Lastly, a series of words for replacing structures of different syntactic types when the speaker can't quite remember the word, or perhaps wishes not to mention it overtly:

mea "thingy, whatsit," lit. "thing, matter": nominal
ila "thingish," lit. "be like": adjectival
ete "whatevering," lit. "do": verbal

In the fourth and final installment we'll finish up with a more dedicated discussion of respectful (and disrespectful) address, including a very first treatment of obscenity.

Monday, June 2, 2025

Social Niceties II: Permission & Apologies

This is the second in a series concerning the language of social conventions in Koa, beginning here.

4. Permission

The most basic and common word for "please" is nóia, from the root noi "ask for." In this and many other common expressions, note that no pronoun is present, though 1st singular is assumed. One could also say ninóia, but in that case the sense would be less the conventionalized "please," and more literally "I politely request that." Two other ways of asking for permission:

ai saa? "may I?" (response: saa)
ai ika? "is it okay?"

When speaking of entering another person's space, we have some specific expressions:

ai loa? "may I come in?" lit. "am I welcome?"
loa "yes, welcome, come in"
kono "I invite you, I accept"

The last, kono is rather formal, and could also appear as kónoa: something like "do please come in." Loa can also be used instead of hei as an all-purpose greeting when spoken by a host or occupier of an area to which others are arriving.

Incidentally, after receiving something or being granted permission, useful phrases are

kito(a) "thank you" = lit. "grateful" (pe X "for X")
auli(a) "you're welcome" = "willing, eager"

Moving forward, polite forms will be indicated with (a) or (ha) in parentheses as above; note that with this additional final syllable, such words will require a written accent to keep the stress in the right place: kito but kítoa.

5. Responses to Questions & Requests

Koa has an array of nuanced ways to say "yes" and "no," which are detailed at some length in this post. Here are some other ways to qualify a response beyond ia "yes" and na "no."

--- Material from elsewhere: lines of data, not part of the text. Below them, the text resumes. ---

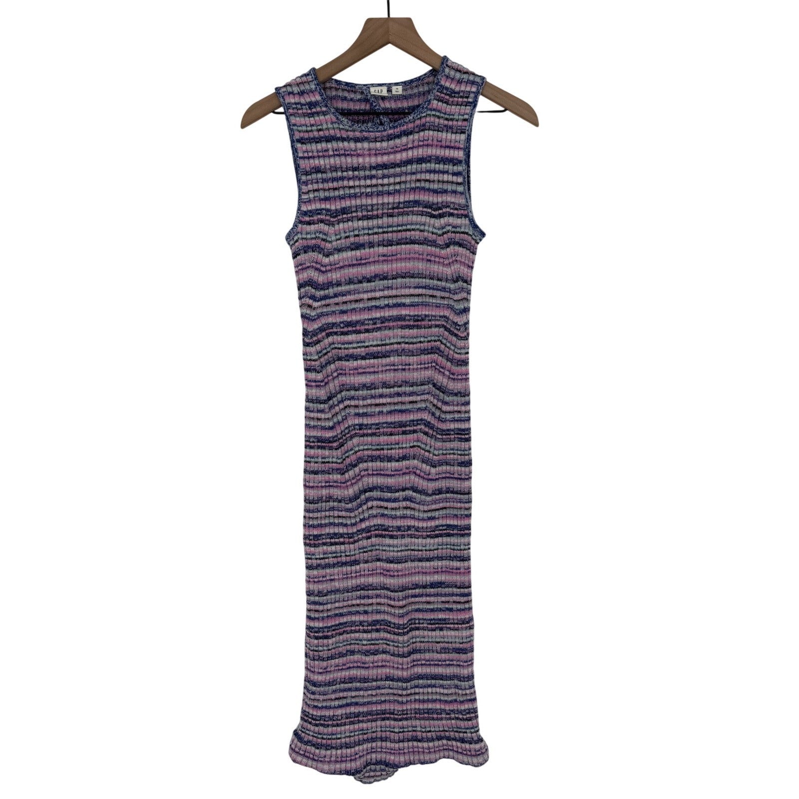 GAP ribbed knit midi dress in a multicolor stripe pattern. Sleeveless silhouette with a crew neckline and a keyhole detail at the back. The hemline features a subtle ruffle for added detail. Perfect for a casual day out or a relaxed vacation.
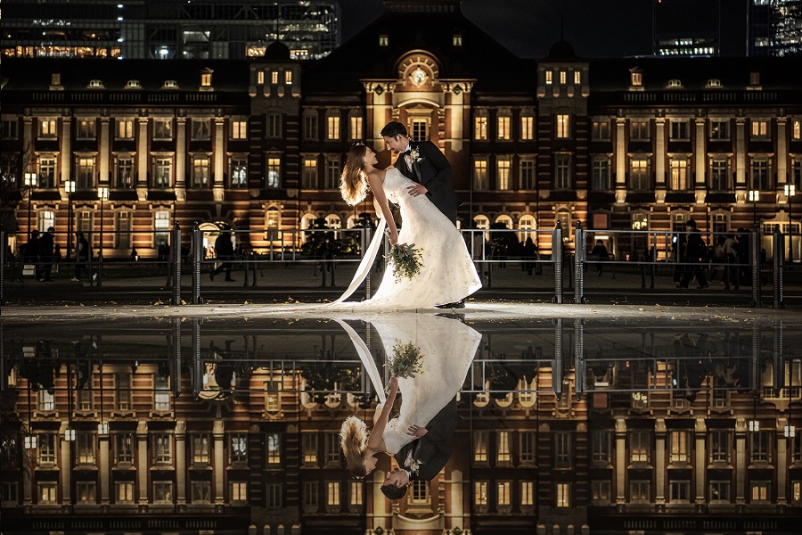 駅舎の前ではドラマティックなポージングで☆ミラーショットが良く映える一枚。
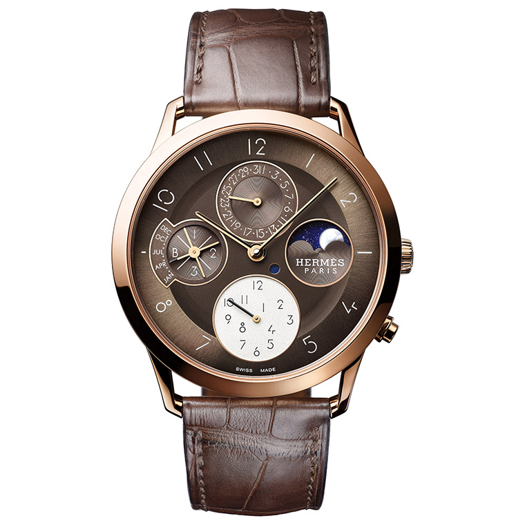 ออกแบบโดย ฟิลิปป์ เดโลตัล (Philippe Delhotal) ในปี ค.ศ. 2015 นาฬิกา สลิม เดอ’แอร์เมส (Slim d’Hermès) เป็นเสมือนตัวแทนแห่งการหวนคืนสู่หลักการอันเป็นพื้นฐาน ด้วยเส้นสายเพรียวบางที่ผสมผสานเข้ากับความสลับซับซ้อนแห่งเครื่องบอกเวลาอันเป็นที่ถวิลหา ซึ่งรู้จักกันเป็นอย่างดีว่า ปฏิทินถาวร หรือเพอร์เพทชวล คาเลนดาร์ (perpetual calendar)
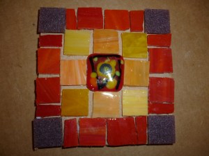 The center of today’s mosaic is a fused glass piece that I made. I love the hot colors. This is a piece that will definitely look better when it’s grouted. We’ll see on Sunday.
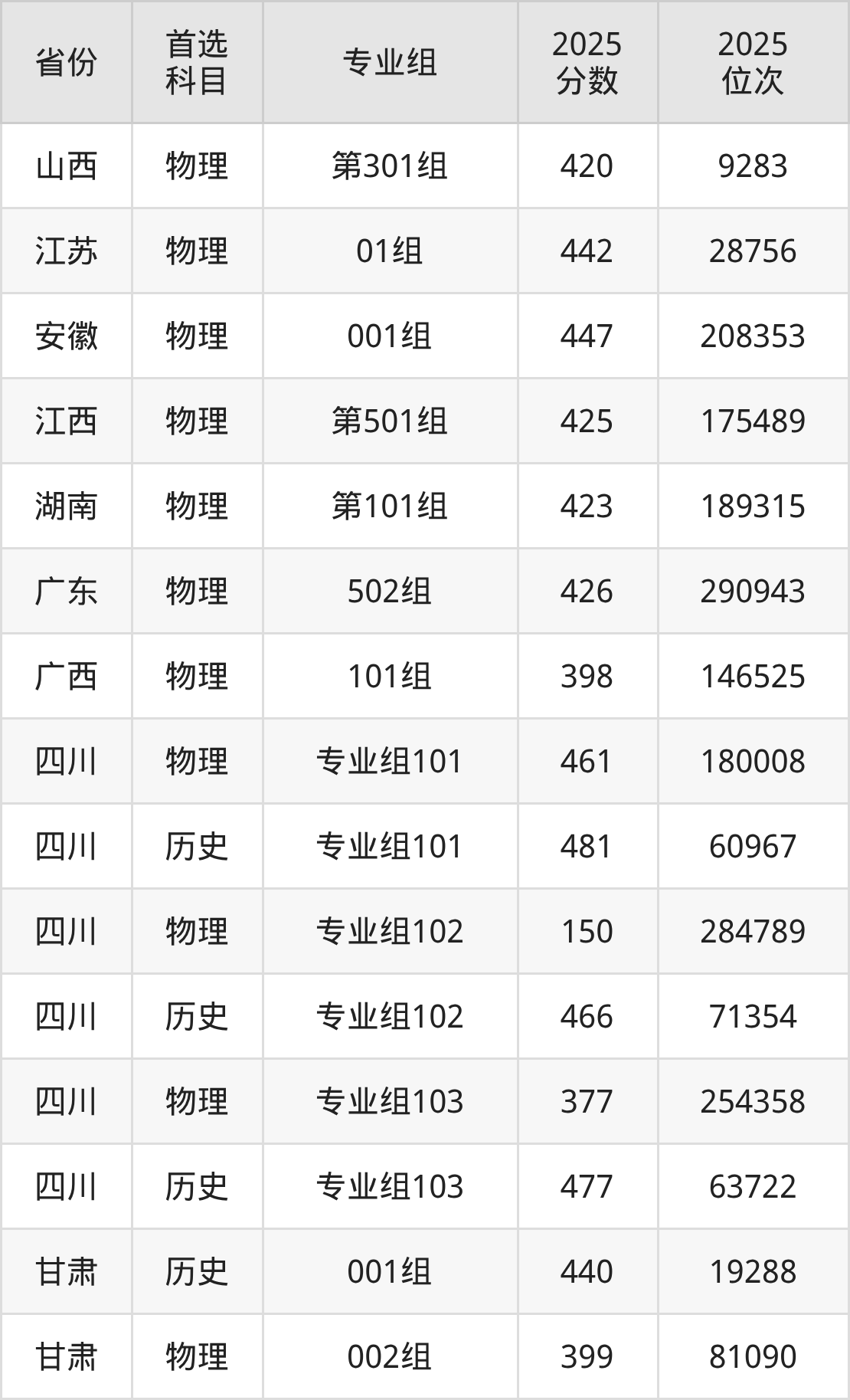 因为大部分地区目前只公布了院校(专业组)分数线,为了方便2026年考生参考,本文就整理出四川铁道职业学院在全国各省不同科类的最低分:
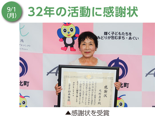法務大臣感謝状を受賞した阿久比更生保護女性会会員の大村貞子さんが町長を表敬訪問しました。大村さんは「周囲の皆さんに恵まれて続けることができた。忙しくて大変なこともあったけれど、楽しい時間でした」と振り返り、受賞の喜びを語りました。
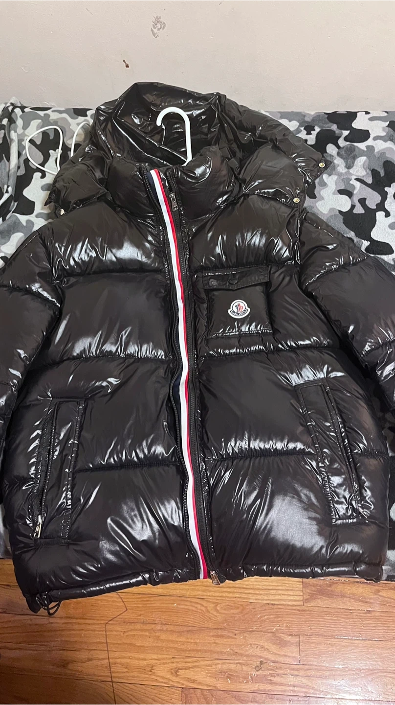 This is a black shiny puffer jacket from Moncler. It features a red, white, and blue stripe down the zipper. The jacket has a hood and two front pockets. It's made for warmth and style!
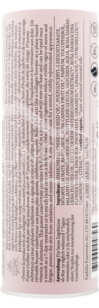 Bakuchiol wirkt als pflanzliche Vitamin-A-Alternative wie ein Collagen-Booster. Dieses Power-Konzentrat enthält 1% Bakuchiol auf einer Jojoba- und Wildrosenölbasis und kann einmal monatlich als 7-Tage-Kur oder zur täglichen Anreicherung der Gesichtspflege verwendet werden. Der innovative Wirkstoffkomplex aus Rosa Damascena reduziert die Stress-Biomarker der Haut und vermindert sichtbare Zeichen von Stress und Müdigkeit. Ein Extrakt aus Alpenrose schützt die Haut vor Oxidation und bringt sie wieder zum Strahlen. Hochwertiges Wildrosenöl wirkt zusätzlich antioxidativ bei gestresster Haut. Ein wahres Kraftpaket für ein ausgeruhtes, sichtbar verjüngtes Aussehen.
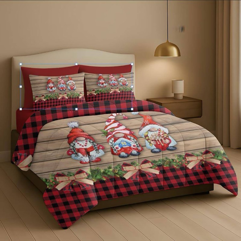 Trapunta Natalizia Matrimoniale – Stampa di gnomi su uno sfondo effetto legno– Stile e Comfort per le Feste
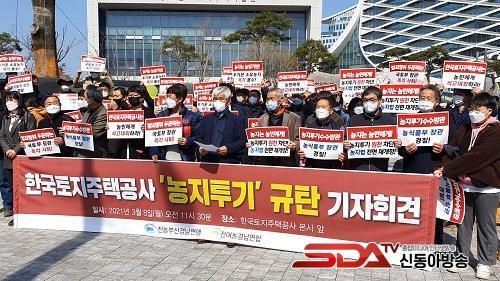 ³ó¹ÎµéÀº "3±â ½Åµµ½Ã LH Á÷¿øµéÀÌ Åõ±âÇÑ ¶¥ Áß 98.6%°¡ ³óÁö¶ó´Â »ç½Ç¿¡ ºÐ³ëÇÑ´Ù"¸ç "°¡Àå ¸¸¸¸ÇÑ Åõ±â´ë»ó Áß Çϳª°¡ ³óÁö¶ó´Â Á¡¿¡ ¸Á¿¬ÀÚ½ÇÇÒ »ÓÀÌ¶ó¡±°í ¸ñûÀ» ³ô¿´½À´Ï´Ù.
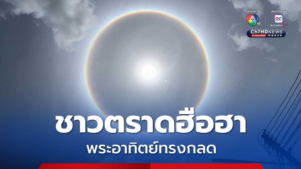 วันนี้ (10 ก.ย. 68) ผู้สื่อข่าวรายงานว่า เมื่อเวลา 12.00 น. ที่ผ่านมา ได้เกิดปรากฏการณ์พระอาทิตย์ทรงกลด หรือ “Halo” ในพื้นที่ อ.เมืองตราด จ.ตราด ซึ่งเป็นปรากฏการณ์ทางแสงตามธรรมชาติที่หาชมได้ไม่บ่อยนัก สร้างความฮือฮาตื่นตาตื่นใจแก่ประชาชนที่พบเห็น พากันใช้โทรศัพท์ถ่ายรูปและบันทึกคลิปวิดีโอไว้ เชื่อว่าเป็นเรื่องราวที่ดี

ia sai / na hetu "yes absolutely / not at all"
kia / kia na "definitely / definitely not"
tetai / tetai na "maybe / maybe not"
kae / kae na "probably / probably not"
(ni)nailo "I don't know"
(ni)nakoma "I don't understand"

6. Pardon and forgiveness

For situations of slight inconvenience or light contravention of social expectations, the most neutral way of saying "pardon me" is aisa (originally derived, as may be evident, from ai saa? "may I?"). The usual responses would be saa "feel free, go ahead" lit. "receive" or uha/pilo "it's nothing" (see below). Other more specific phrases for seeking pardon:

ana(ha) "pardon me" lit. "give," with the intention to take an action (or an object) intersecting with another person
kulu(a) "pardon me" lit. "listen," with the intention to speak to or interrupt someone

Koa also has some common affective interjections for these situations. Ie "just," usually lengthened to iee or even ieeee, can be used as a less formal alternative to aisa or any of the other lexical options to excuse oneself. Ui "oops" and ii "yikes" are sometimes appropriate, or can be combined with ie for added shadings: uiee "oh no, so sorry (with regret)"; iiee "oh dear, I'm sorry (embarrassment, nervousness)."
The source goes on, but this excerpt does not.